Ultimately, Michigan-based film financier Dale Johnson of MICA Entertainment came to the rescue. "Pawn Sacrifice" became the first big acquisition by indie distributor Bleecker Street at the Toronto International Film Festival last year.

"What Hollywood may have been looking for in this story was to show the young kid from Brooklyn taking on the Soviet empire and having this great, glorious win," said Johnson. "At the same time, the true story was that he was having this deep struggle in somewhat of a descent into madness as he was ascending to brilliance.

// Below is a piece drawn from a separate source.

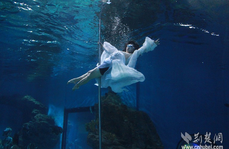 An underwater pole dance show is held at Wuhan Polar Ocean World, Aug. 14, 2015. The performer was Zhang Mingli, who is a polar dance instructor. She said it is much harder to perform pole dance under water since the pressure was difficult to control. (Photo/Cnhubei.com)

We had to stay true to that story."

The film opens with Fischer's childhood as a fatherless boy, raised on conspiracy by Regina Fischer, a Swiss-born, communist mother who wasn't entirely stable herself. From her, Fischer learned to presume the phones were tapped, that the dark car parked outside belonged to a G-man.

As it turned out, he was often right. The FBI accrued 1,000 pages on him and his mother.

"His paranoia became true," said Knight. "The better he became at chess, the more surveillance there would be. So the more paranoia there would be."

As the film depicts, Fischer once told reporters the government was monitoring him through his dental fillings. In real life, Fischer later had all of them removed, leaving him with a mouthful of hollow teeth.

"Paranoids," he once reportedly told an opponent, "can be right."

As his fame grew in the 1970s, Fischer demanded exorbitant fees, limos and fancy hotels, then he'd tear apart his rooms looking for wiretaps, claim his food had been poisoned or offhandedly blame a Jewish conspiracy for his failures.

But at the chessboard, his game moved grandmasters to tears. Fischer became a champion people loved to hate, a player the audience booed as he entered a game and cheered as he left.

Maguire and director Zwick envisioned Fischer as a tragic figure, insatiably narcissistic but profoundly alone. Though they didn't shy from depicting his anti-Semitism, his most virulent rantings were depicted through supporting characters. Ultimately, it's tough to leave the film without gaining empathy for Fischer.

Experts have speculated for years on Fischer's diagnosis, which has included schizophrenia, Asperger's syndrome and paranoid personality disorder. In the end, the 64-year-old Fischer died of kidney failure in 2008, alone in Iceland, his U.S. passport revoked, his legacy indelibly tainted.

"Chess was a place of safety for Bobby," said Maguire. "The question is, was chess compromising Bobby's mental health? Or was it staving off his inevitability?"